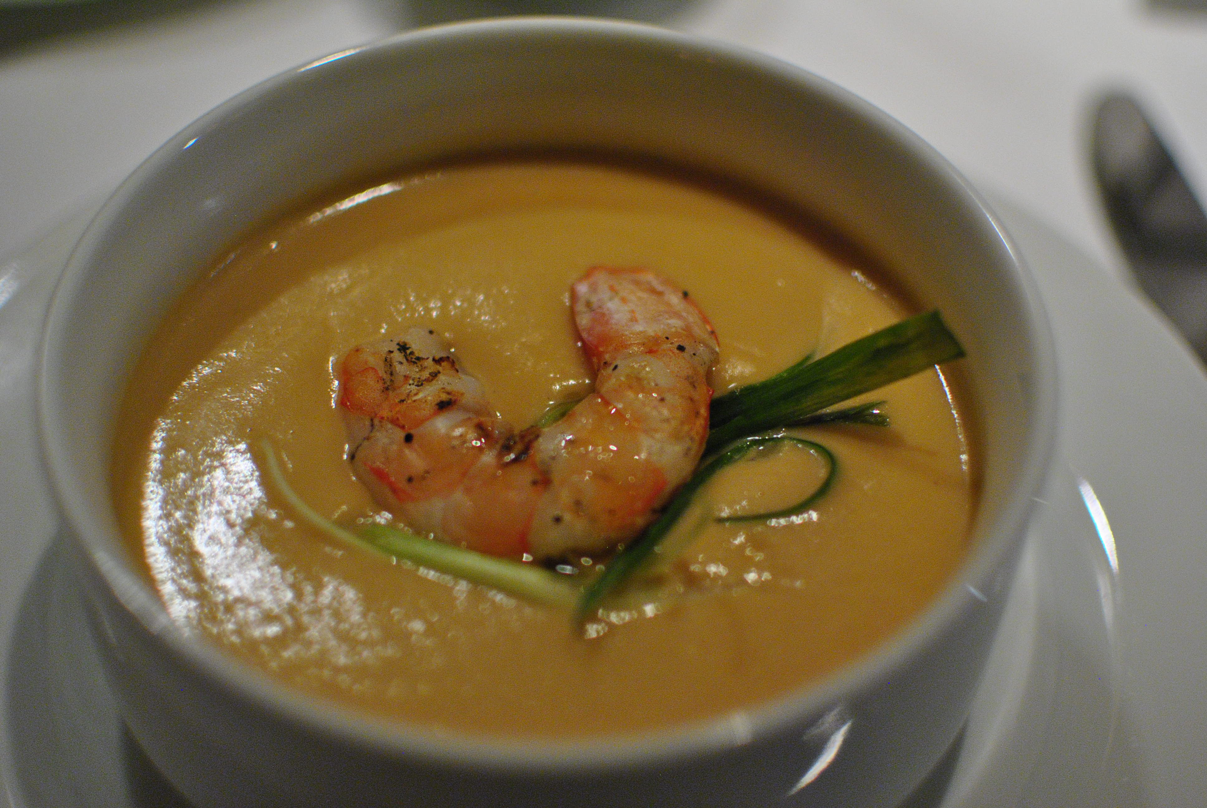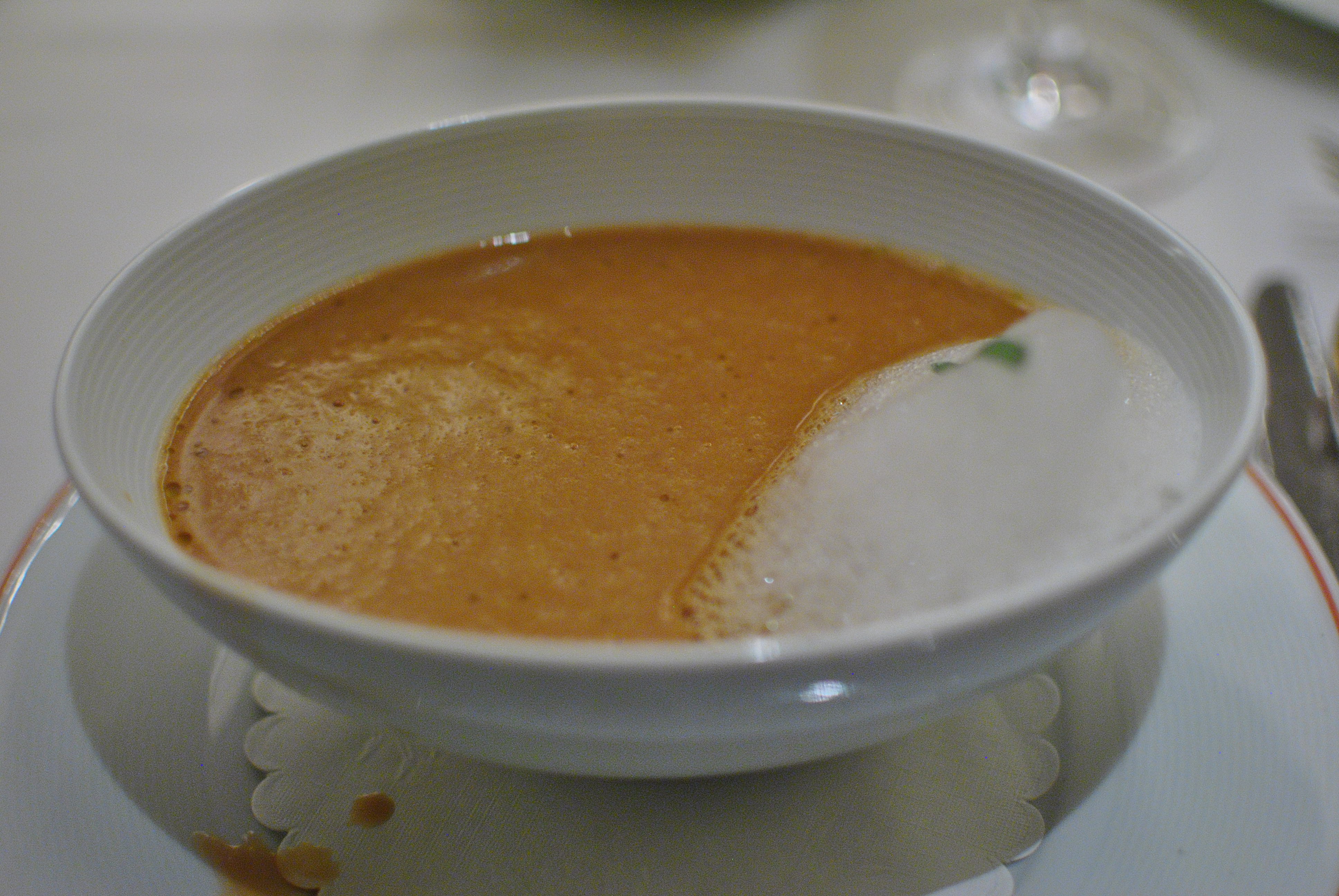 For our appetizers, we ordered the capon terrine and a special of the evening, the lobster bisque. The capon terrine was hard for us to resist because it featured black truffles and foie gras, as well as puy lentils and an espelette (a type of pepper) jam. The presentation was visually stunning, with the different layers of the terrine clearly defined. The foie gras took center stage and I enjoyed the livery richness, although I prefer foie gras when it’s sauteed and creamy, rather than cold. Also, while we could see the black truffle layer, it actually didn’t impart too much truffle flavor, much to my disappointment. Still, the capon was very tender, and all the components on the plate worked well when eaten together. I liked cutting off slices of the terrine and eating it with some crunchy toasts that accompanied the dish, providing some textural contrast. It was an interesting dish, though probably not something Josh or I would order again.
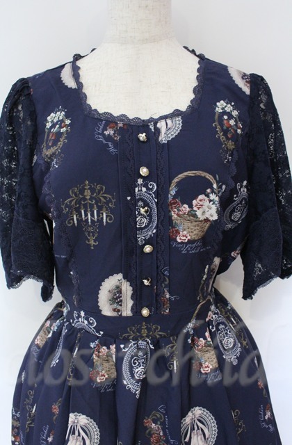 axes femme / アンティークフルーツ柄ワンピース  ネイビー O-25-10-31-3011-AX-OP-IG-OS
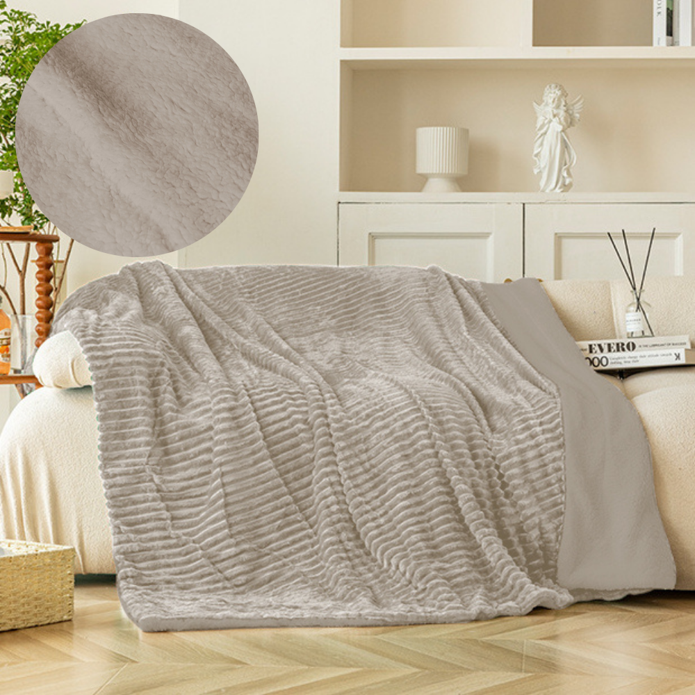 Koc pluszowy tłoczony w pasy narzuta z barankiem 200x220 chłodny beżowy
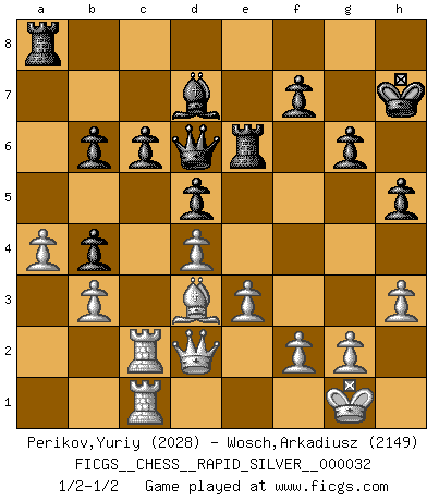 Last move : 1/2-1/2 2011 February 25 12:19:2 [Event "FICGS__CHESS__RAPID_SILVER__000032"] [Site "FICGS"] [Date "2010.12.03"] [Round "2"] [White "Perikov,Yuriy"] [Black "Wosch,Arkadiusz"] [Result "1/2-1/2"] [WhiteElo "2028"] [BlackElo "2149"] 1.d4 Nf6 2.c4 e6 3.Nf3 d5 4.Nc3 c6 5.e3 Nbd7 6.Qc2 Bd6 7.Bd3 O-O 8.cxd5 exd5 9.O-O Re8 10.Re1 Nb6 11.h3 h6 12.b3 Be6 13.a4 a5 14.Ba3 Bxa3 15.Rxa3 Nbd7 16.Ra2 Nb8 17.Rb2 Qe7 18.Reb1 Na6 19.Na2 Nb4 20.Nxb4 axb4 21.Ne5 Ra5 22.Rc1 Nd7 23.Nxd7 Bxd7 24.Qd2 g6 25.Rbc2 R5a8 26.Rc5 b6 27.R5c2 Kg7 28.Be2 h5 29.Bf1 Qd6 30.Bd3 Re7 31.Be2 Re6 32.Bd3 Kh7 1/2-1/2 Queen's pawn game Kingside Castling by player Black (move 7) Kingside Castling by player White (move 9) This chess game ended in a draw. Follow this game move after move (download)Not all artists are Chess players, but all Chess players are artists. (Marcel Duchamp) Ich rechne überhaupt nicht voraus. Ich gewinne auch so. (Robert James Fischer) Las ideas audaces son como las piezas del Ajedrez que avanzan hacia adelante. Ellas pueden ser vencidas, pero también pueden iniciar una partida victoriosa. (Goethe) Aidez vos pièces, elles vous aideront. (Paul Morphy) Beta. Software undergoes beta testing shortly before it's released. Beta is latin for still doesn't work. (Anonymous)
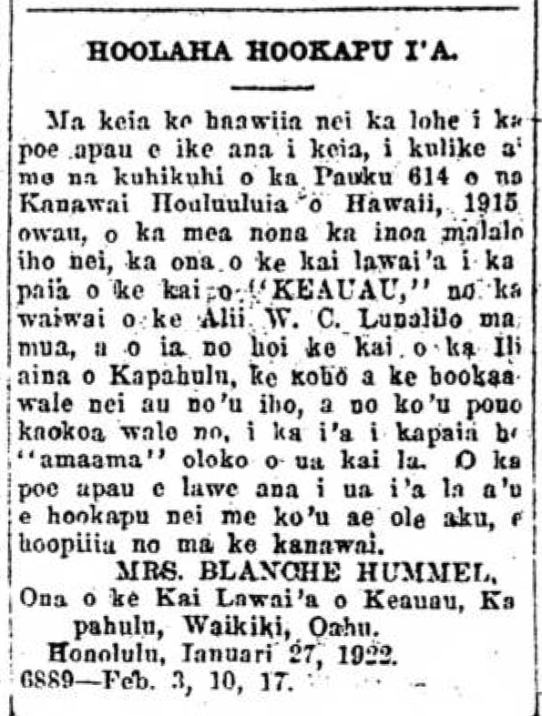 By this, notice is given to all who sees this, as per what is designated in Section 614 of the Assembled Laws of Hawaii, 1915; I, the one named below, the owner of the fishery, known as the sea of “KEAUAU,” from the former property of the Alii William Charles Lunalilo, that being the sea in the Ili aina of Kapahulu, select and set aside for myself, an only for my own use, the fish called, “amaama,” from within those seas. All who take without my permission this fish that I make tabu, will be prosecuted.
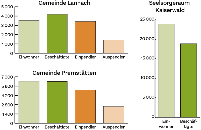 In der Gemeinde Lannach gibt es aktuell mehr Arbeitsplätze als Einwohnerinnen und Einwohner und in Premstätten sind es in etwa gleich viele. In beiden Gemeinden gibt es deutlich mehr Einpendelnde als Auspendelnde. Bei der Einpendlerquote (=Einpendler gemessen an der Einwohnerzahl) sind diese Gemeinden steiermarkweit auf den vordersten Plätzen.
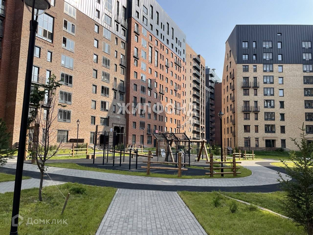 Территория оборудована детскими площадками, турниками для занятия спортом, облагорожена газонами, деревьями и кустарниками.
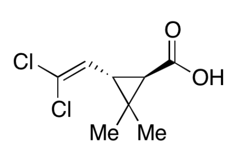 Cyclopropanecarboxylic acid, 3-(2,2-dichloroethenyl)-2,2-dimethyl-, (1R-trans)-; (1R,3S)-3-(2,2-Dichloroethenyl)-2,2-dimethylcyclopropanecarboxylic acid; (1R)-(+)-trans-Permethrinic acid; (1R)-trans-3-(2,2-Dichloro-1-ethenyl)-2,2-dimethylcyclopropanecarboxylic acid; (1R)-trans-3-(2,2-Dichloroethenyl)-2,2-dimethylcyclopropanecarboxylic acid; 1R-trans-Permethric acid; 1R-trans-Permethrinic acid
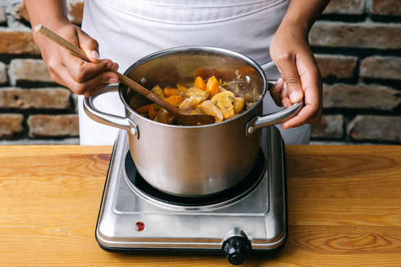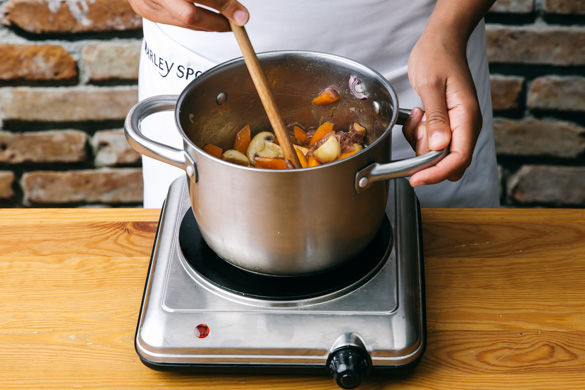 Die Zwiebeln in einem großen Topf mit 1–2EL Pflanzenöl bei mittlerer bis starker Hitze ca. 1 Min scharf anbraten, dann die Champignons und die Karotten hinzufügen und ca. 3–4Min. mitbraten.
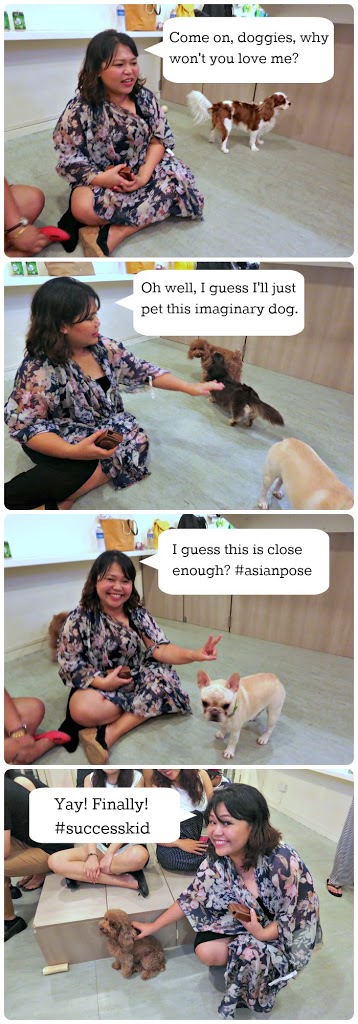 Great idea, eh? This idea apparently sprung from Japan, where someone realised that there was a need for stressed businessmen to relax by bonding with felines and came up with cat cafes. When that became popular, someone in Korea then thought hey, why not dogs, too? Somehow, that idea made its way to Singapore, much to our delight! 😄
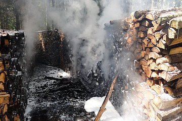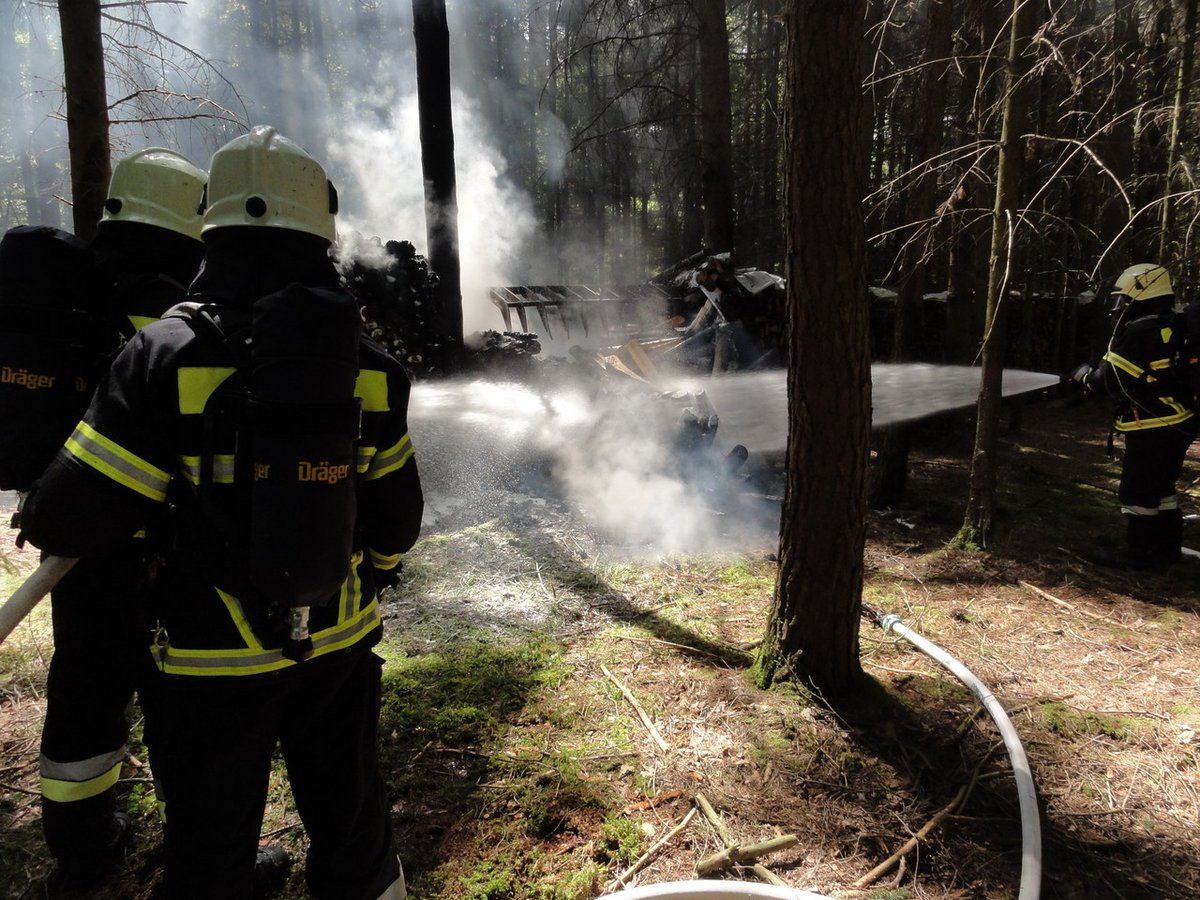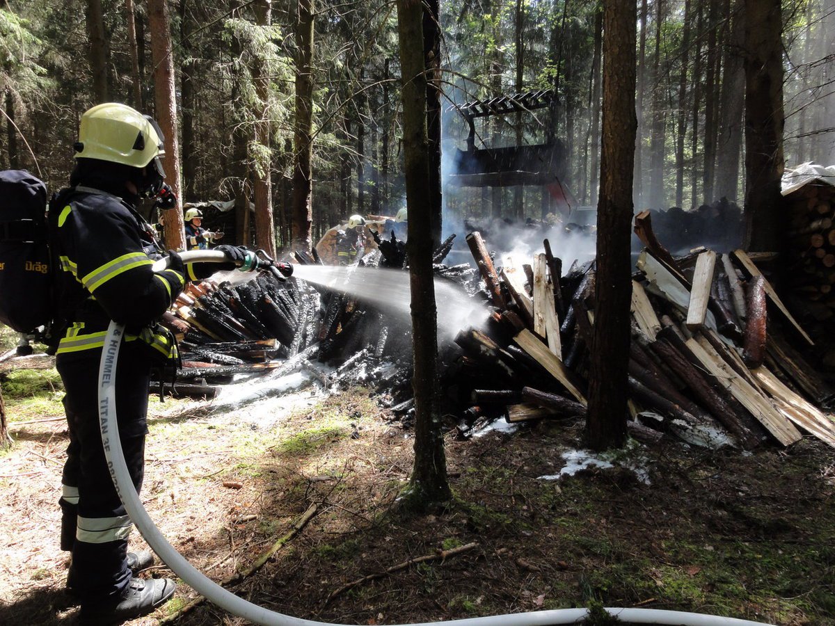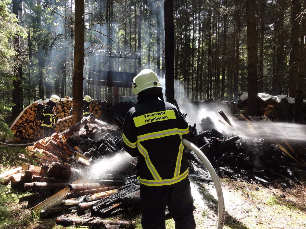 Kurz vor der Autobahnunterführung Richtung Mörlach brannte in einem Waldstück ein Holzstoß in voller Ausdehnung. Mit zwei Trupps unter Atemschutz und zwei C-Rohren wurde der Brand bekämpft. Nach den Nachlöscharbeiten konnten die Feuerwehren Mörlach und Hilpoltstein den Einsatz beenden. Die Polizei hat die Ermittlungen wegen Brandstiftung aufgenommen.
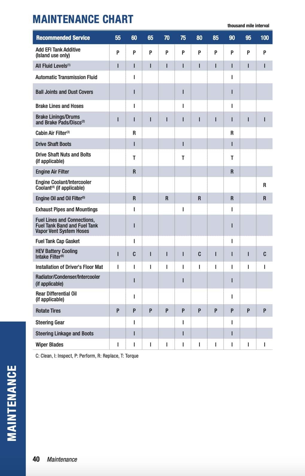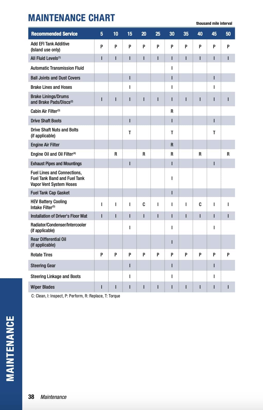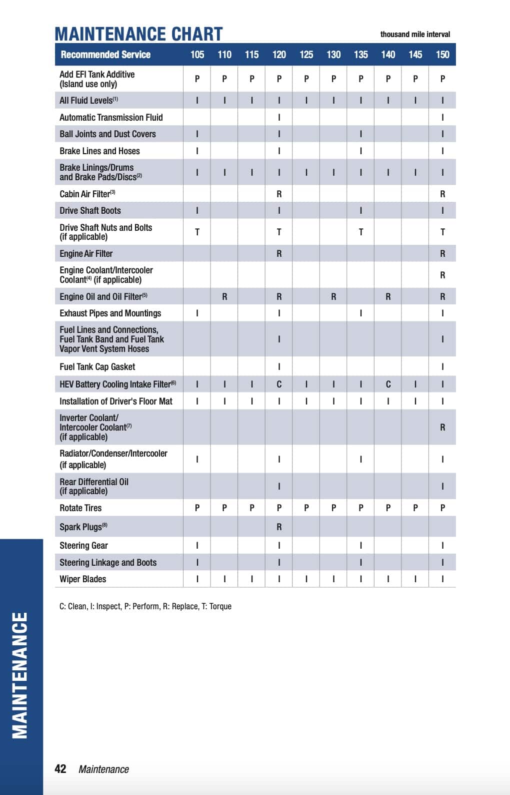C: Clean, I: Inspect, P: Perform, R: Replace, T: Torque
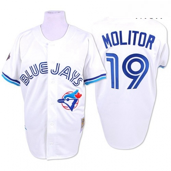 Mens Mitchell and Ness Toronto Blue Jays 19 Paul Molitor Replica White Throwback MLB Jersey
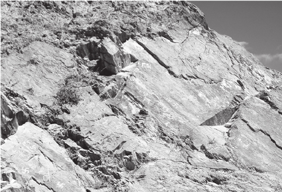 “昌果沟到了!”随着更堆的一声呼喊,我的思绪才被打断,回到了现实中的昌果沟。昌果沟沟口如同一个漏斗,前宏后窄,沟口两端的山体笔立挺拔,如同两扇门扉紧锁着沟口两翼。我们将车停在沟口,开始徒步向沟内移动。刚刚走出几十米远,忽然间我和李永宪几乎同时发现,在沟口崖壁上刻有若隐若现的图案,一旦有阳光照射在岩石上,这些图案就变得十分醒目。“岩画?!”这个念头如同电光石火般从我脑海中掠过,也忽然激活了我的记忆。我记得何强当年提到过,在昌果沟的调查中曾经发现过三处岩画地点,只是后来一直没有见到正式公布。我们眼前看到的,难道正是其中的一处岩画地点?
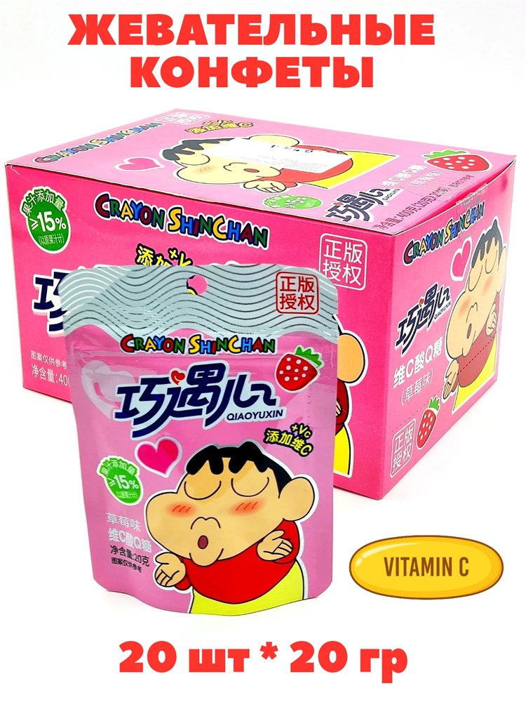 Конфеты жевательные с витаминои С Qiaoyuxin Клубника (0595) 20 гр*1 кор х 12 бл х 20 шт

********************

Beginning with the line holding "Die Zwiebeln in" in the material above, restate word for word each line through the line holding "C: Clean, I: Inspect, P: Perform, R: Replace, T: Torque", and exclude pictures.

 Die Zwiebeln in einem großen Topf mit 1–2EL Pflanzenöl bei mittlerer bis starker Hitze ca. 1 Min scharf anbraten, dann die Champignons und die Karotten hinzufügen und ca. 3–4Min. mitbraten.
 Great idea, eh? This idea apparently sprung from Japan, where someone realised that there was a need for stressed businessmen to relax by bonding with felines and came up with cat cafes. When that became popular, someone in Korea then thought hey, why not dogs, too? Somehow, that idea made its way to Singapore, much to our delight! 😄
 Kurz vor der Autobahnunterführung Richtung Mörlach brannte in einem Waldstück ein Holzstoß in voller Ausdehnung. Mit zwei Trupps unter Atemschutz und zwei C-Rohren wurde der Brand bekämpft. Nach den Nachlöscharbeiten konnten die Feuerwehren Mörlach und Hilpoltstein den Einsatz beenden. Die Polizei hat die Ermittlungen wegen Brandstiftung aufgenommen.
C: Clean, I: Inspect, P: Perform, R: Replace, T: Torque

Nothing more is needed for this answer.